Новодворская обязательно бы озвучила одну из этих острых проблем, если бы не принудительная немота.
- Гммммммг, - промычала она ему в ладонь его имя.
- Штаны сними, - ещё убедительнее произнес мужчина. И уточнил для тупых: - С себя.
Теперь Лера поняла. Он зажал ей рот, другой рукой шарит у неё под майкой и требует, чтобы она сняла свои штаны. Отличное прощание.
- Лера. Делай, как говорю тебе Я!
Он смотрел на неё так, как в самую их первую встречу. Когда она вот так, как сейчас, лежала под ним, обтекающим вискарем, которым Лера его и окатила. Она вспомнила ту жгучую смесь жути и восхищения, которой он ее ужалил, пометив, как цель. Этот мужчина не церемонится. Своё отвоёвывает сразу и навсегда. Море решимости в мудрых глазах. Забытые и не те женщины, ошибки, предательства, ножевые ранения и перебранный алкоголь у таких принято называть жизненным опытом. В его сильных руках все вспыхивает, плавится, прогибается. Он гордится своей империей, как родитель гениальным ребенком. Он невозмутим. Но ревнив и своего не упустит. То, что принадлежит ему - неприкасаемо.
Как ему противостоять?
И зачем?
Никто так больше не сделает, наслаждайся!
Ни у кого яиц не хватит, зажав рот, ТАК взять неприступную Новодворскую задницу, облапать грудь, задрать майку и истязать губами и зубами острые соски. Он же единственный, кто мог стать ее первым. И стал. Потому что взял своё почти не спрашивая, но без единого выстрела взял. Лера всю жизнь таких презирала, клеймила абьюзом, харрасментом, домостроем; обзывала мужланами, андроцентристами. А сама только такому и смогла позволить бродить по венам и по коже. Снаружи и внутри.

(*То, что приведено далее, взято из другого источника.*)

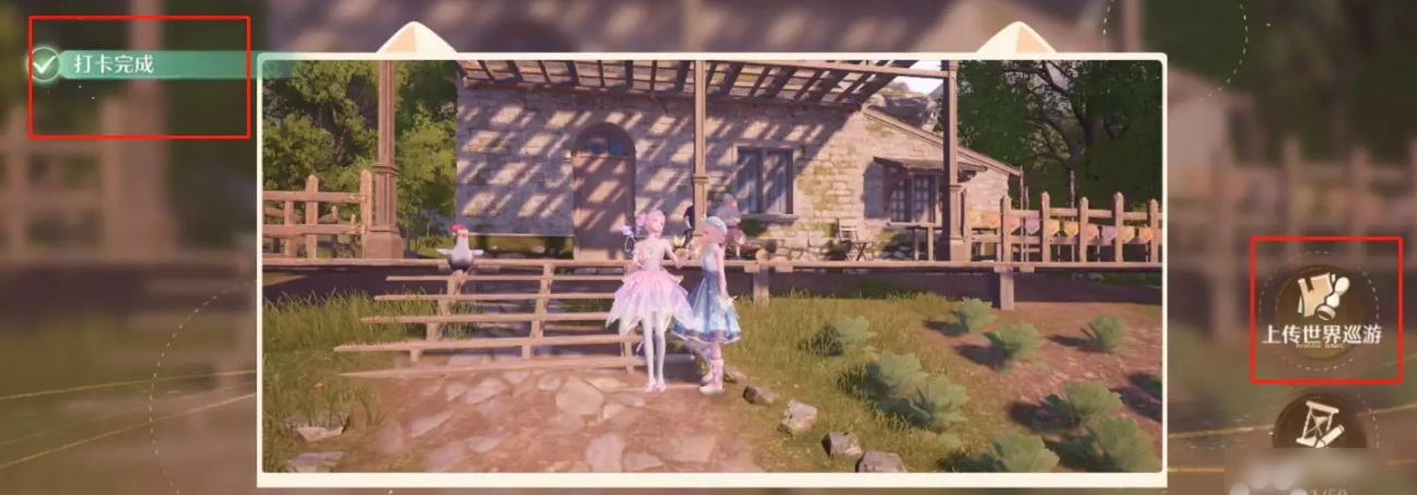 2、完成拍照后,点击【上传世界巡游】,即可打卡完成

Конечно, она сняла штаны. А кто бы не снял?
- Всё , Лера, всё снимай.
«Глеб» - простонала она, а получилось очередное «гмммг».
Он помог снять кроссовки, стащить с щиколоток тряпки. Затем быстро стянул с бёдер свои брюки. Прильнул. Вжался. Придавил. Раскатал. Скользнул двумя пальцами в жар, мазнул между ног влажно, густо, крупно, как импрессионист.
Мало. Пальцев мало.
До боли, до ломоты в костях хотелось ощущать в себе его силу, мощь, пошлую лирику.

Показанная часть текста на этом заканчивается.